Et il faut décortiquer ce chiffre pour en saisir toute l’étonnante portée. Lors du lancement de la CAQ, fin 2011, le nouveau parti avait connu des heures fastes dans l’opinion publique, comme c’est souvent le cas pour un parti ou un candidat qui n’a pas eu encore le temps de décevoir une partie des électeurs. Or, à cette époque, la CAQ obtenait 39 % des intentions de vote dans les sondages CROP et 37 % dans les enquêtes de Léger.

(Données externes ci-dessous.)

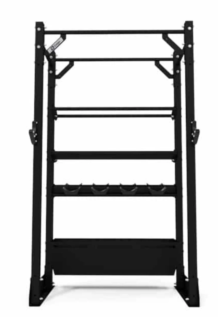 The Exigo E60 Fixed Half Rack SG can hold up to 4 internal 110 storage shelves of your choice to store various accessories such as kettlebells, dumbbells, gym balls and more inside of the rack. This rack is made with 60x60x3mm steel uprights and is a great space saving solution but must be fixed to the floor. Perfect for personal trainers, home/garage gyms, but also suitable for commercial facilities. A pair of E60 J-Hooks are included.Â

Ce taux de 46 % observé le 12 juin n’a très probablement pas diminué avec les bâillons de la fin de semaine à l’Assemblée nationale. Le plus significatif reste qu’après huit mois aux commandes, le gouvernement a amélioré de près de 10 points son score du 1er octobre (37 %). Bien sûr, on peut toujours s’interroger sur le modus operandi : 1471 personnes ont accepté de répondre à un appel robotisé, ce qui donne une marge d’erreur de plus ou moins 2,55 %, 19 fois sur 20, sur l’ensemble de l’échantillon. Cette marge d’erreur augmente lorsqu’on considère une partie seulement de l’échantillon, par strate d’âge ou par région. Les résultats obtenus par la firme ont été pondérés pour refléter fidèlement l’ensemble de la population.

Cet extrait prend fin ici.